The time came for us to write a novel; I told her, gravely, that we must know our characters better than we knew ourselves, and so we sat in her parents’ parked Volkswagen and made lists of all we knew, not writing but preparing to write, filling entire notebooks with our heroine’s likes and dislikes, the names of her aunts and uncles, the ages of her cousins, the grades on her spelling tests. We drew a map of her hometown. We decided that she had a sister, and so we wrote down the name of the sister and what she smelled like and what she sounded like, and we stipulated who got to ride in the front seat when and where the family went on vacation. All afternoon in the hot car we worked, passing the notebook back and forth, saying, “No, no, what if she…” and “I think we should say that…” and “We don’t know enough yet, we’re not ready.” We wrote until we had created a model of the world as complete as the world we were in, but it was so beautiful, this world, all that we had mapped and all that we knew, that we could not
bring ourselves to begin. Leaving the lines under “Chapter One” blank, we climbed from the car and rode bikes down to the creek, where there were baby salamanders under the rocks.
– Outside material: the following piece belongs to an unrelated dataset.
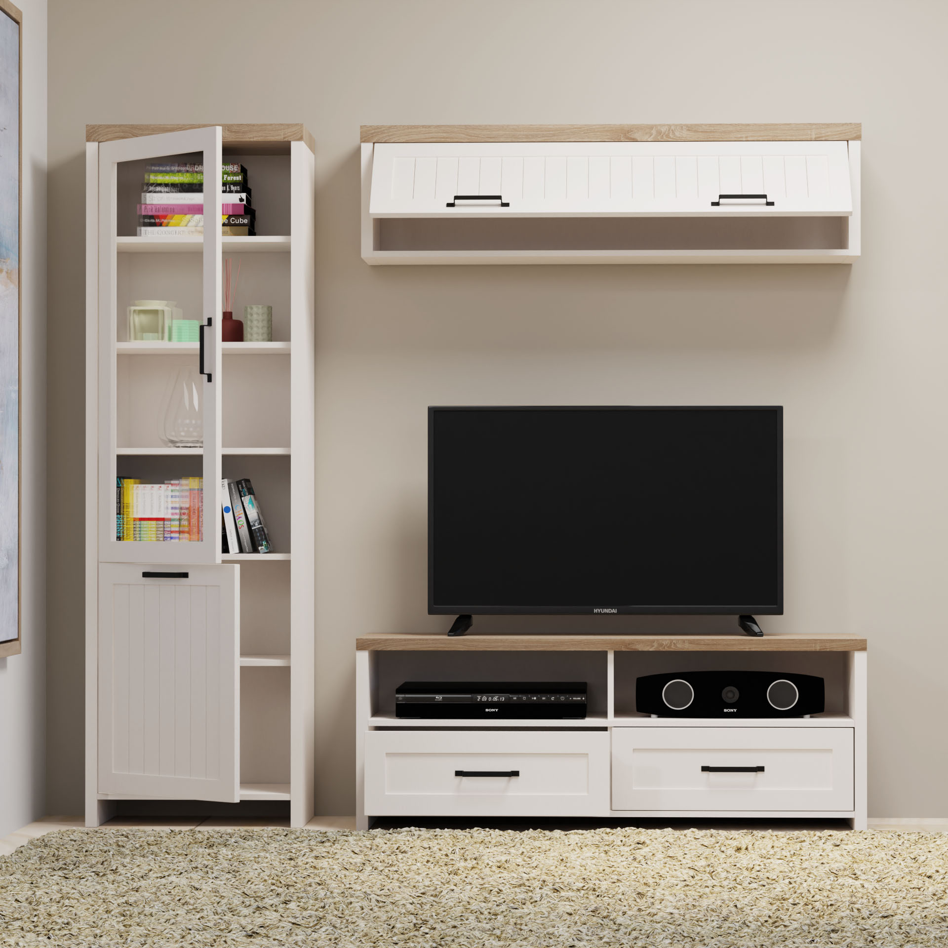 Σύνθεση Τηλεόρασης VERNE 197.6x45x191.6εκ Λευκό-Φυσικός Δρυς

As befitting an entity called Ivy Prep, our training was both self-important and useless, presented as exhaustive even as it degenerated into an empty exercise of form. None of us—there were seven new tutors circled around that gray kidney-shaped conference table—wanted to complete the twenty officially released SATs, as instructed by the agenda, and after a few days, when we had only reviewed the first section of the first test, it was clear we didn’t need to, though our instructor, a beefy, middle-aged man who had once written screenplays, continued to make frequent reference to all the officially released tests as listed in Appendix A of your agenda. Appendix A, like all the pages of the agenda, was embossed with the crimson-and-gold insignia of Ivy Prep. That first morning, as the screenwriter talked, I rubbed the stamp until its ersatz gold stuck to my sweaty finger.
Along with refreshers in algebra and geometry, the training offered a tour of the ways tutoring could torpedo your artistic ambitions. There was the opera singer who taught graphing calculators, the inevitable actor glossing reading passages, and the writer who explained prepositions. They were all “no longer young”: their hair was thinning, their faces etched, and their waists thick. They were, Griffin had told us, the very best that Ivy Prep had found—no one knew graphing calculators better than this woman who had once sung at Lincoln Center. At breaks I asked, and learned: No, they did not compose music anymore, they hadn’t had time for auditions, they had a kid, would I like to see a picture?
On the last day of training, Griffin himself came into the conference room. His sleeves were rolled up; he spoke to us kindly, as a father might. The rules were simple and, as we would agree, the epitome of fair. Compensation was determined as followed: The difference between our students’ beginning SAT scores and ending ones was divided by the number of hours we had spent tutoring them; this provided a numeric representation of our effectiveness as a tutor. When we reached a certain number—confidential, of course—our rate would be raised. We would start at a hundred dollars an hour, but if we were good there was practically no limit to the money we could earn.